What is required ▸ All pictures must be dropped, while the entries are given again word for word.

Stored data entries
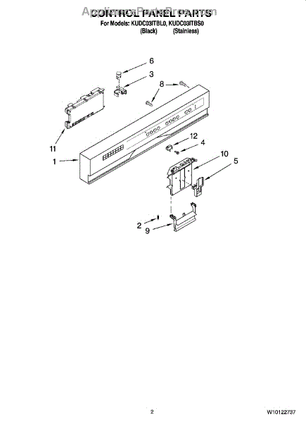 Parts for Kitchenaid KUDC03ITBS0: 02 - Control Panel Parts
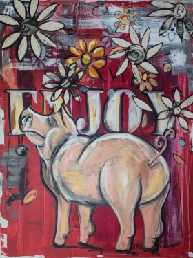 "It’s a complicated noisy world, in which we all keep being bombarded with visuals caring all kindof messages: How should we look like; How do we need to live our lives; How wrong we all are. In my artwork these messages get a cynical vibe while clashing with verity of grotesque figures - formed using expendable materials,such as Paper and cardboard, to emphasize our temporary and poor existence.Happiness is out there, when you follow the route trying to reach fulfillment, and success, you find yourself at the middle of a cluttered path. While standing there, taking a break, I wish to give you something to recognize, something that will make you smile."
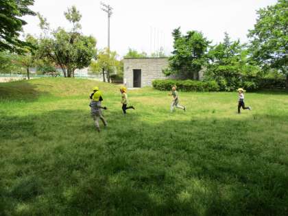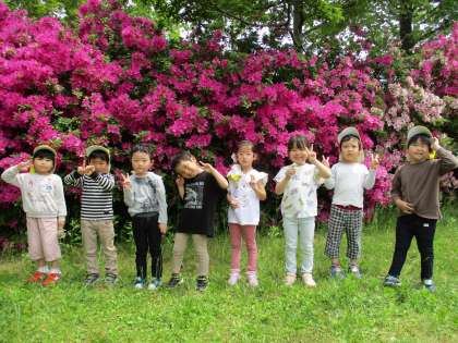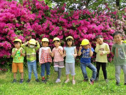 スポーツプラザ公園に行ってきました(5歳児 ぞう組) 公開日 2021/05/19 更新日 2021/05/19 今日のできごと 春の遠足に向けて、道順や交通ルールを知らせながら歩きました。 公園での約束事を聞き、すぐに大型アスレチックへ。グラグラ揺れる橋や網渡りにも挑戦していました。みんなでバナナ鬼をすると、汗だくになって走り、身体をたくさん動かして遊んできました。きれいに咲いた満開のツツジの前でハイ・ポーズ!「楽しかったね」「今度は、みんなで来ようね」と話していました。
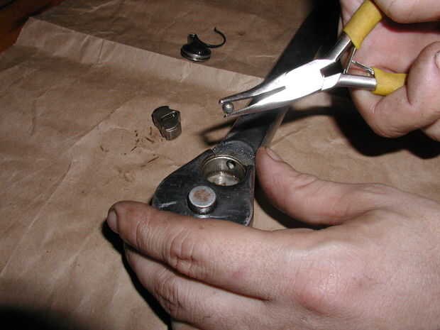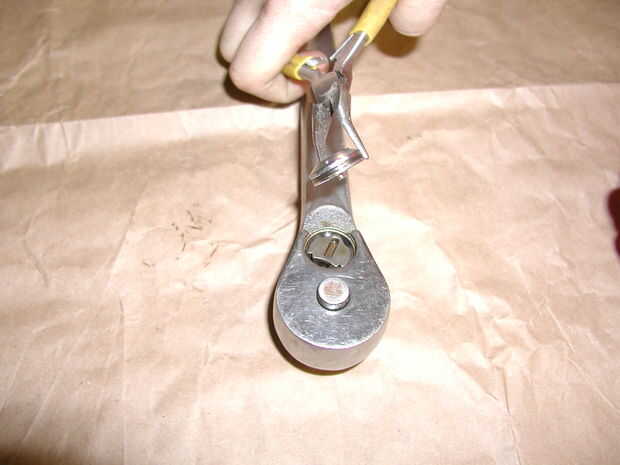 Use un par de alicates de punta para quitar los clips y lentamente separe la parte posterior de la rueda dentada.  Tenga cuidado de no perder la bola. Se encuentra un resorte en el orificio situado en la empuñadura de la carraca.
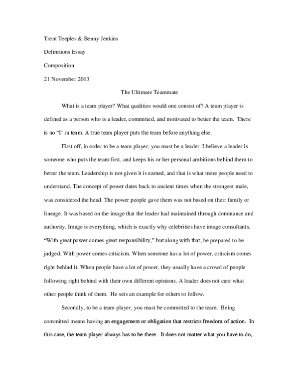 Team Player Essay example - 2122 Words | Bartleby
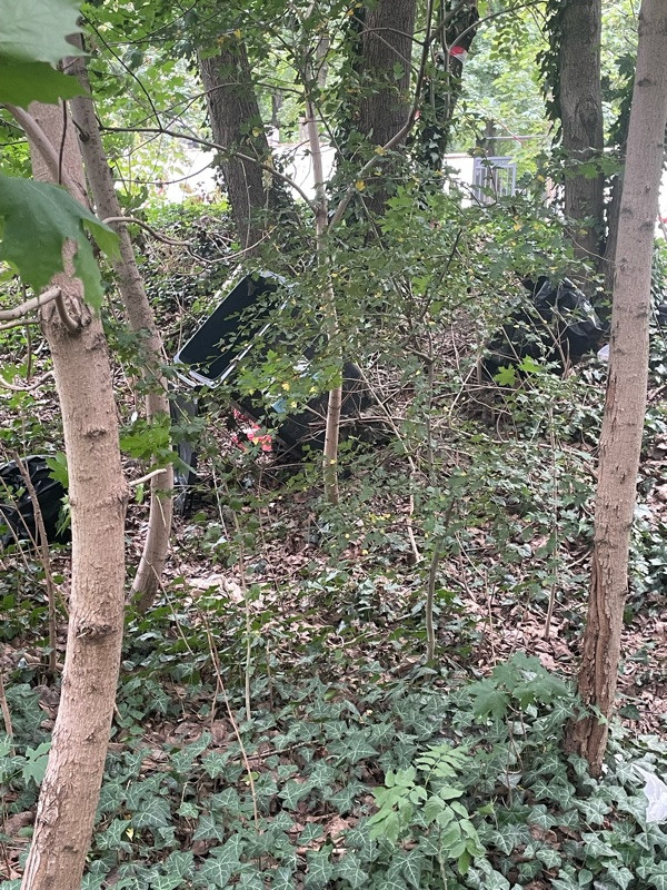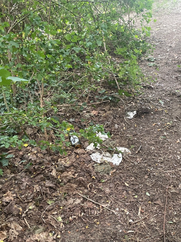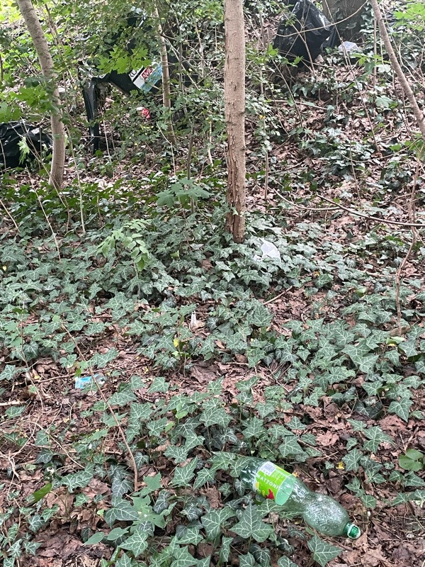 Nepořádek a pohozena popelnice v lesíku mezi Rezidenci a Olsanskymi hrbitovy
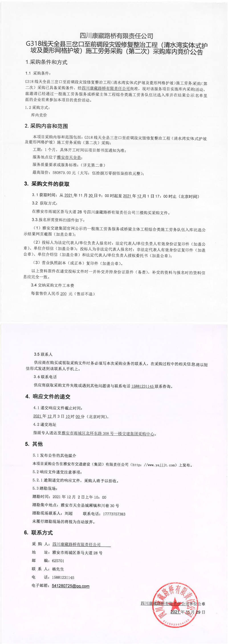 四川康藏路橋有限責任公司G318線天全縣三岔口至前碉段災毀修復整治工程(清水灣實體式護坡及菱形網(wǎng)格護坡)施工勞務采購(第二次)采購庫內(nèi)競價公告

Solution for this exercise ▸
 Parts for Kitchenaid KUDC03ITBS0: 02 - Control Panel Parts
 "It’s a complicated noisy world, in which we all keep being bombarded with visuals caring all kindof messages: How should we look like; How do we need to live our lives; How wrong we all are. In my artwork these messages get a cynical vibe while clashing with verity of grotesque figures - formed using expendable materials,such as Paper and cardboard, to emphasize our temporary and poor existence.Happiness is out there, when you follow the route trying to reach fulfillment, and success, you find yourself at the middle of a cluttered path. While standing there, taking a break, I wish to give you something to recognize, something that will make you smile."
 スポーツプラザ公園に行ってきました(5歳児 ぞう組) 公開日 2021/05/19 更新日 2021/05/19 今日のできごと 春の遠足に向けて、道順や交通ルールを知らせながら歩きました。 公園での約束事を聞き、すぐに大型アスレチックへ。グラグラ揺れる橋や網渡りにも挑戦していました。みんなでバナナ鬼をすると、汗だくになって走り、身体をたくさん動かして遊んできました。きれいに咲いた満開のツツジの前でハイ・ポーズ!「楽しかったね」「今度は、みんなで来ようね」と話していました。
 Use un par de alicates de punta para quitar los clips y lentamente separe la parte posterior de la rueda dentada.  Tenga cuidado de no perder la bola. Se encuentra un resorte en el orificio situado en la empuñadura de la carraca.
 Team Player Essay example - 2122 Words | Bartleby
 Nepořádek a pohozena popelnice v lesíku mezi Rezidenci a Olsanskymi hrbitovy
 四川康藏路橋有限責任公司G318線天全縣三岔口至前碉段災毀修復整治工程(清水灣實體式護坡及菱形網(wǎng)格護坡)施工勞務采購(第二次)采購庫內(nèi)競價公告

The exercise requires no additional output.